#### Task objective:
Reproduce the listing below in full and without alteration, apart from its pictures.

#### Given material:
+ + + + +

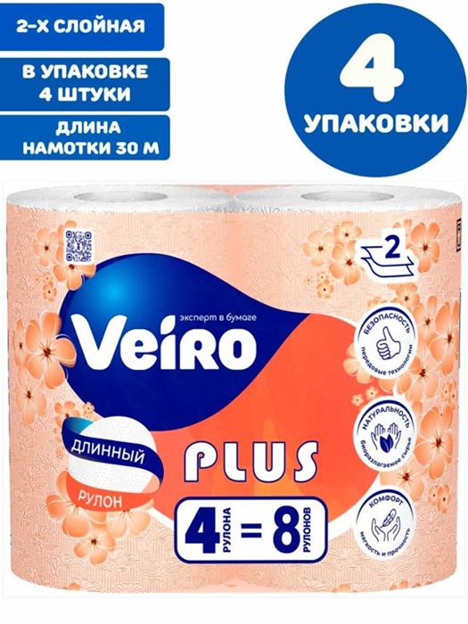 Туалетная бумага VEIRO 2 слоя 4шт. ПЛЮС белая (двойная намотка)
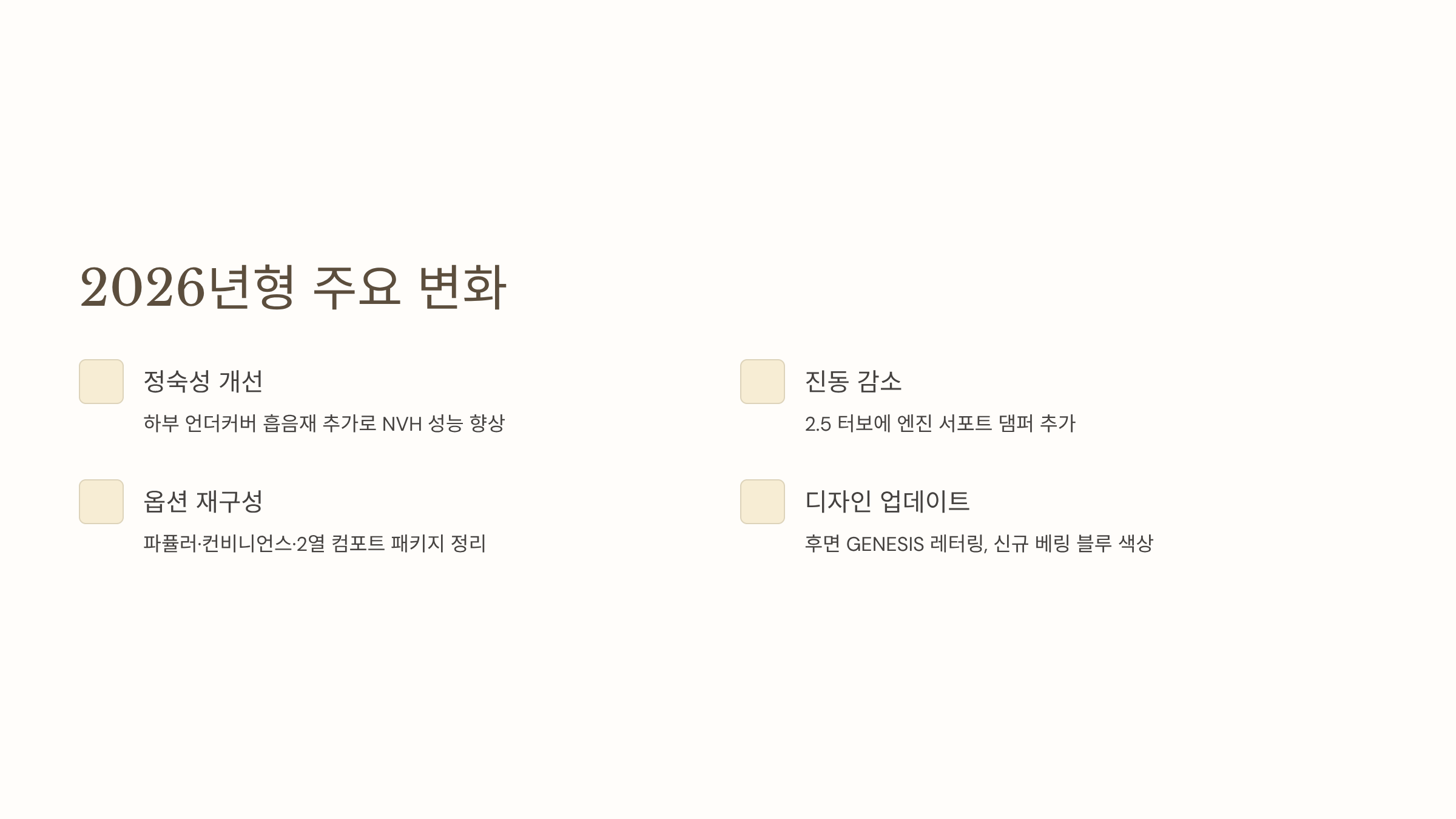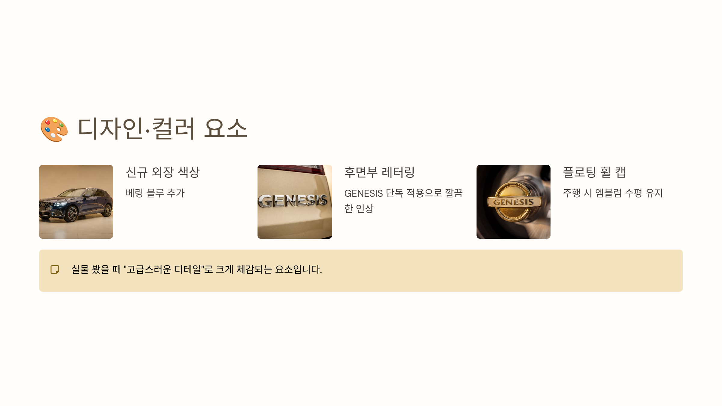 - 후면부 레터링: GENESIS 단독 레터링만 적용 → 더 깔끔한 인상
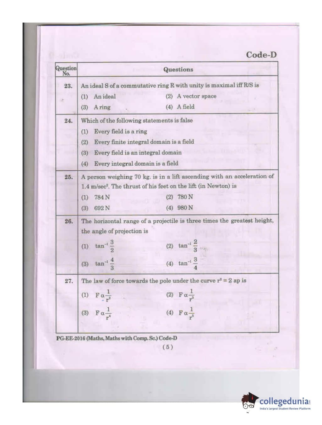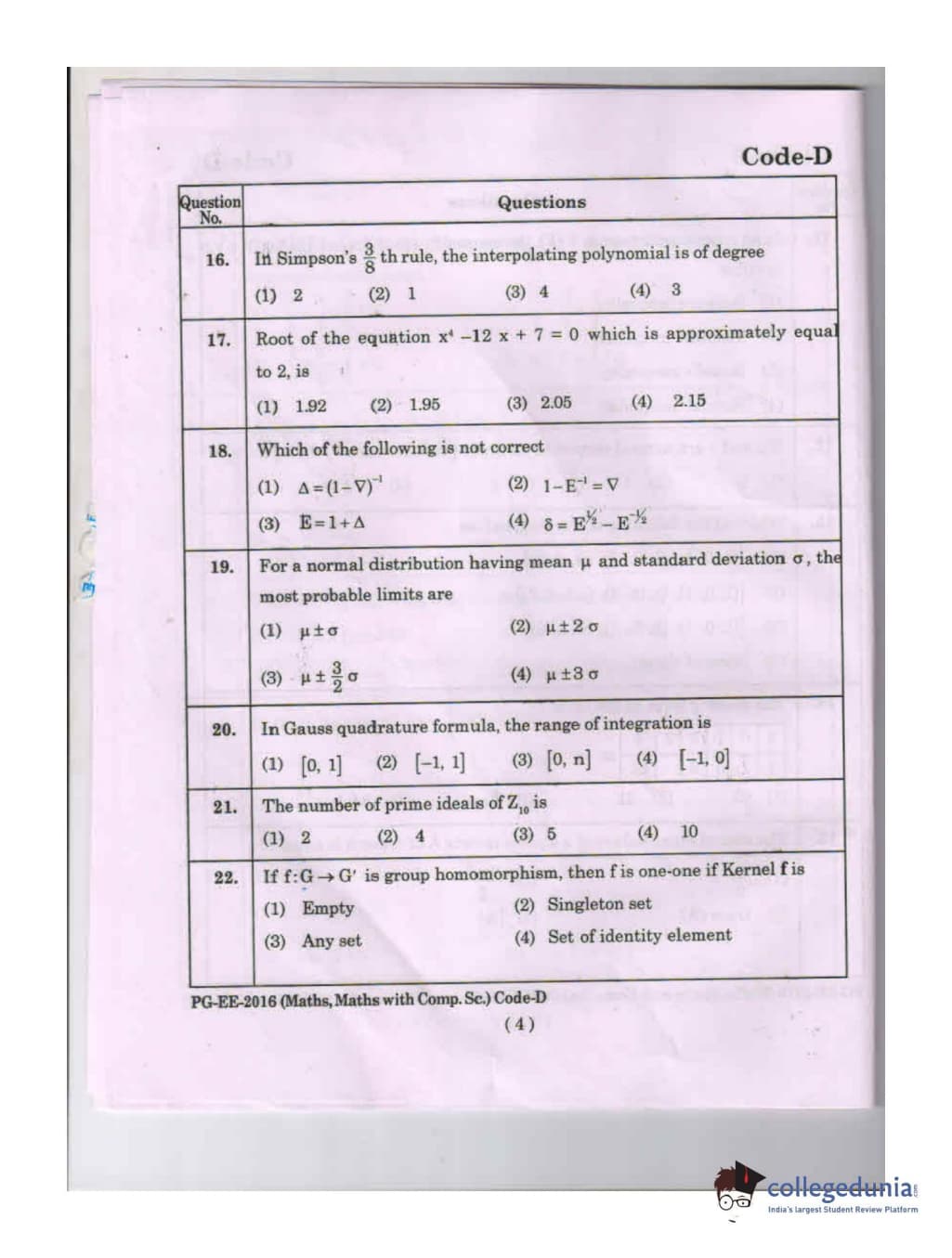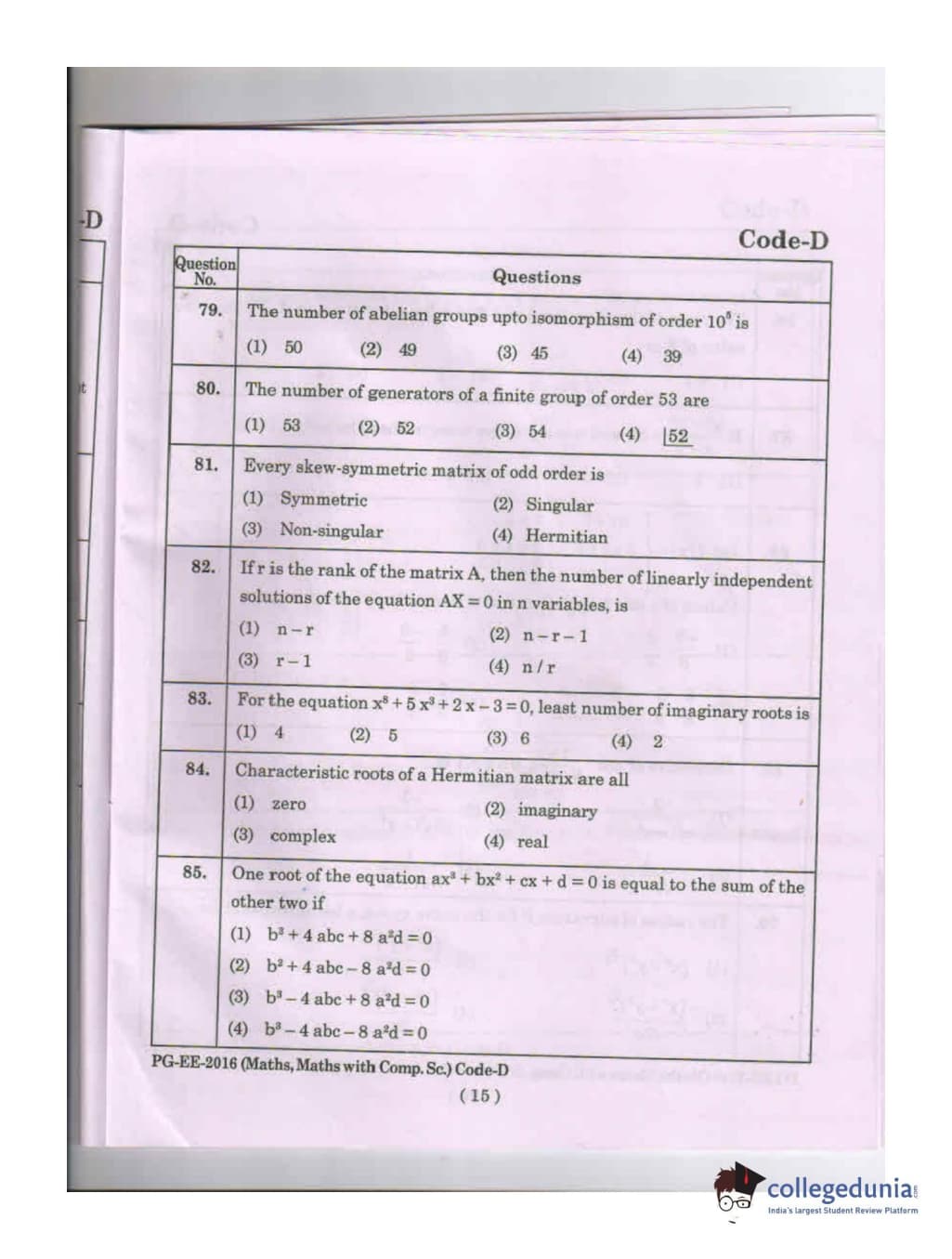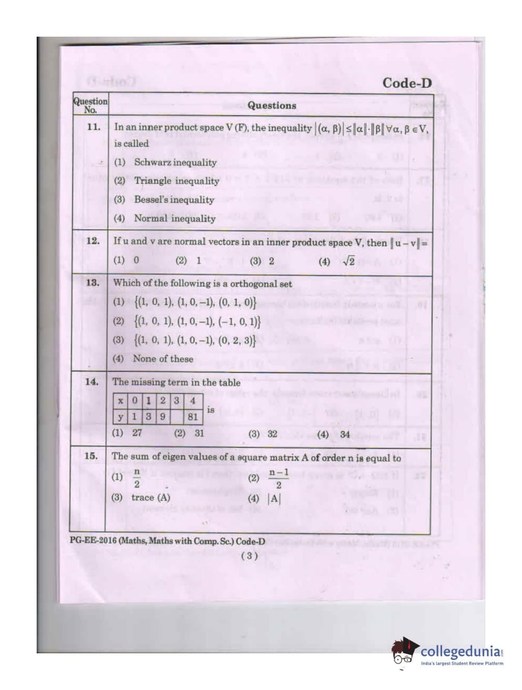 MDUCEE 2016 Math, Math With Computer Science Set D Question Paper with Answer Key PDFs

+ + + + +

#### Response:
 Туалетная бумага VEIRO 2 слоя 4шт. ПЛЮС белая (двойная намотка)
 - 후면부 레터링: GENESIS 단독 레터링만 적용 → 더 깔끔한 인상
 MDUCEE 2016 Math, Math With Computer Science Set D Question Paper with Answer Key PDFs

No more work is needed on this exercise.